ASSIGNMENT:
Would you set down the data that follows, word for word, without any pictures?

MATERIAL PROVIDED:
▶

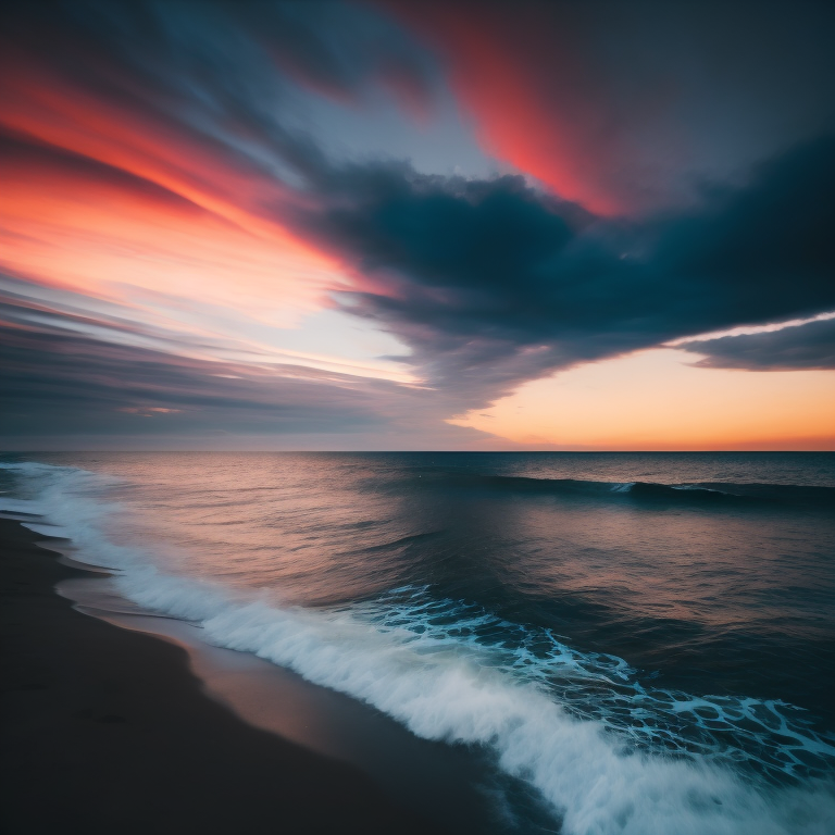 - long exposure photograph ocean waves dark blue red sky centered cloud water photography seascapes dramatic sky serene ocean scene nature photography atmospheric imagery
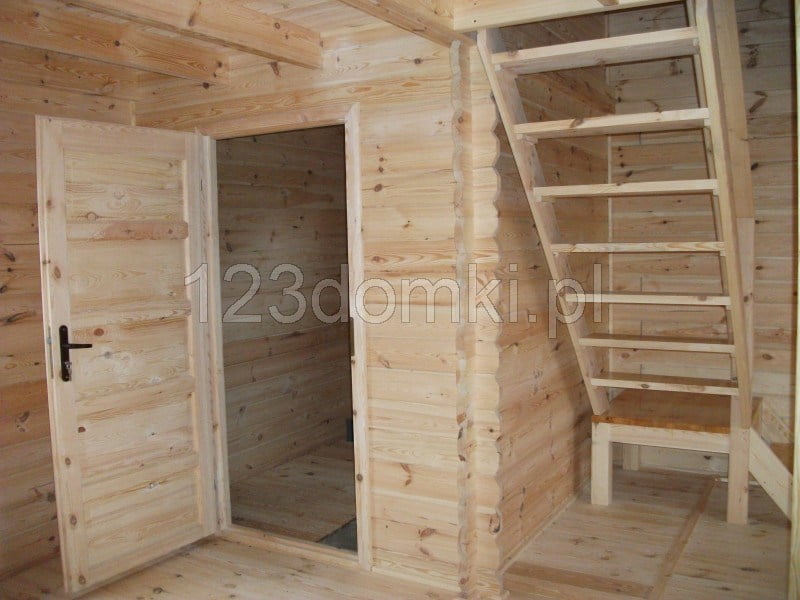Na parterze domku drewnianego znajduje się przestronna łazienka. Dzięki temu bez problemu zmieści się tutaj kabina prysznicowa, sedes, umywalka i niezbędne szafki łazienkowe. Łazienka w domku letniskowym to także miejsce, gdzie właściciele najczęściej umieszczają bojler z ciepła wodą. Z łazienki w domku drewnianym inwestorzy rozprowadzają także instalację wodną, zwykle do kuchni lub aneksu kuchennego. Obok łazienki domku drewnianego znajduje się miejsce na wygodny aneks kuchenny albo kuchnię. Pozostała część parteru stanowi otwartą przestrzeń z możliwością podzielenia i wydzielenia dodatkowej sypialni. Kolejne atuty to wygodne proste schody lub schody z podestem oraz wyjście na taras (także z możliwością powiększenia), który można zastąpić oknem balkonowym. Domek letniskowy z oknem tarasowym (balkonowym) świetnie się prezentuje i dodatkowo uzyskuje na atrakcyjności.
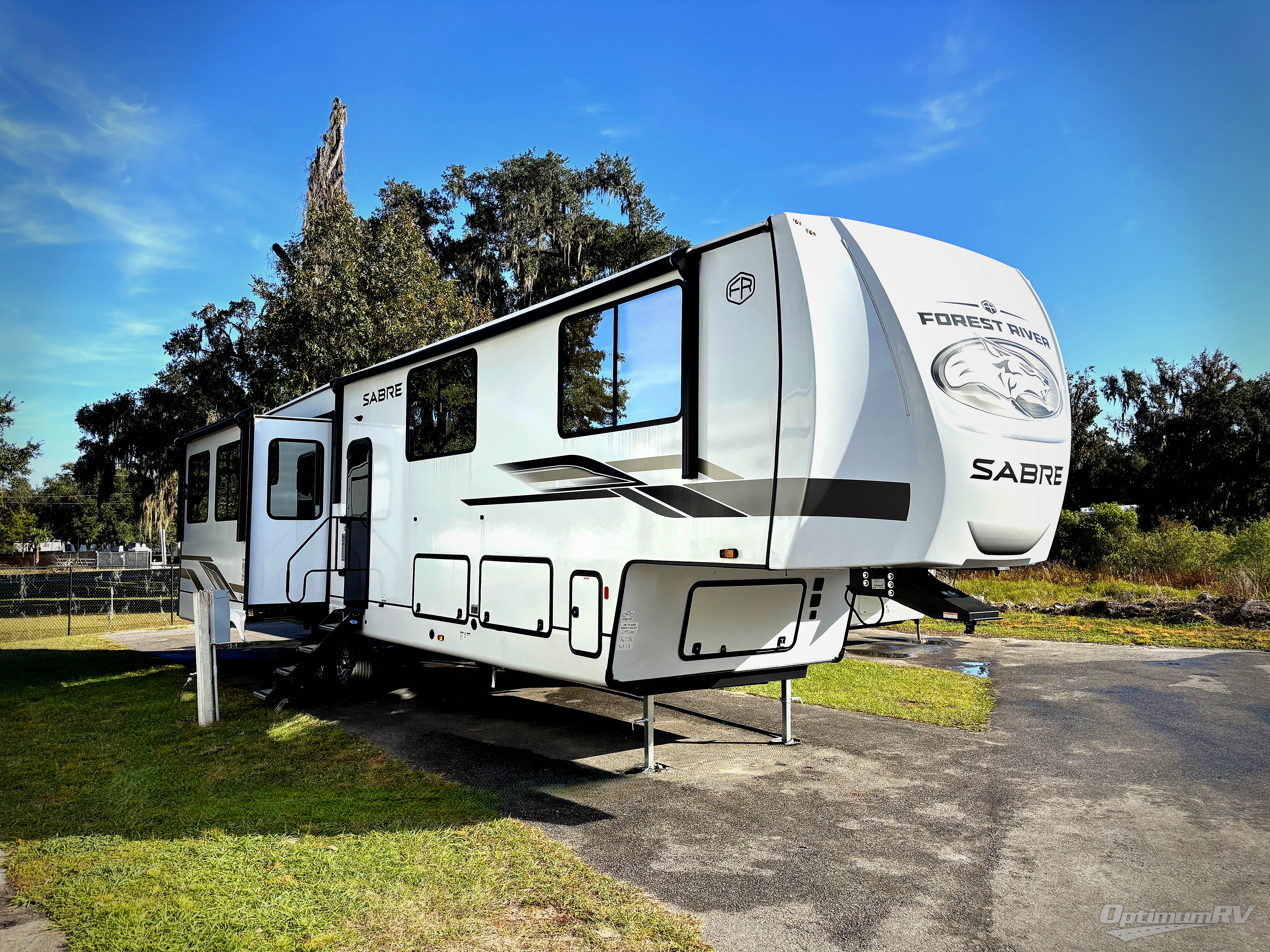 You will experience luxurious camping trips at an affordable price with any one of these Forest River Sabre fifth wheels! These models are durable and ready to travel anytime of the year thanks to features like the high-gloss gel-coat front cap with LED lighting, the PVC roof membrane, and the forced air underbelly with enclosed gate valves. The electric auto-leveling system makes setting up easy and safe, and the adjustable power awning with LED lighting will create an inviting outdoor living space. Each model includes a universal docking station which includes a black tank flush and an outside shower, and adjustable stable steps for you to enter and exit the unit safely. Inside, you will love the design of the ambient accent lighting in the living area, the real wood lumbercore cabinetry, and the linoleum flooring!

◀

TASK RESULT:
 - long exposure photograph ocean waves dark blue red sky centered cloud water photography seascapes dramatic sky serene ocean scene nature photography atmospheric imagery
Na parterze domku drewnianego znajduje się przestronna łazienka. Dzięki temu bez problemu zmieści się tutaj kabina prysznicowa, sedes, umywalka i niezbędne szafki łazienkowe. Łazienka w domku letniskowym to także miejsce, gdzie właściciele najczęściej umieszczają bojler z ciepła wodą. Z łazienki w domku drewnianym inwestorzy rozprowadzają także instalację wodną, zwykle do kuchni lub aneksu kuchennego. Obok łazienki domku drewnianego znajduje się miejsce na wygodny aneks kuchenny albo kuchnię. Pozostała część parteru stanowi otwartą przestrzeń z możliwością podzielenia i wydzielenia dodatkowej sypialni. Kolejne atuty to wygodne proste schody lub schody z podestem oraz wyjście na taras (także z możliwością powiększenia), który można zastąpić oknem balkonowym. Domek letniskowy z oknem tarasowym (balkonowym) świetnie się prezentuje i dodatkowo uzyskuje na atrakcyjności.
 You will experience luxurious camping trips at an affordable price with any one of these Forest River Sabre fifth wheels! These models are durable and ready to travel anytime of the year thanks to features like the high-gloss gel-coat front cap with LED lighting, the PVC roof membrane, and the forced air underbelly with enclosed gate valves. The electric auto-leveling system makes setting up easy and safe, and the adjustable power awning with LED lighting will create an inviting outdoor living space. Each model includes a universal docking station which includes a black tank flush and an outside shower, and adjustable stable steps for you to enter and exit the unit safely. Inside, you will love the design of the ambient accent lighting in the living area, the real wood lumbercore cabinetry, and the linoleum flooring!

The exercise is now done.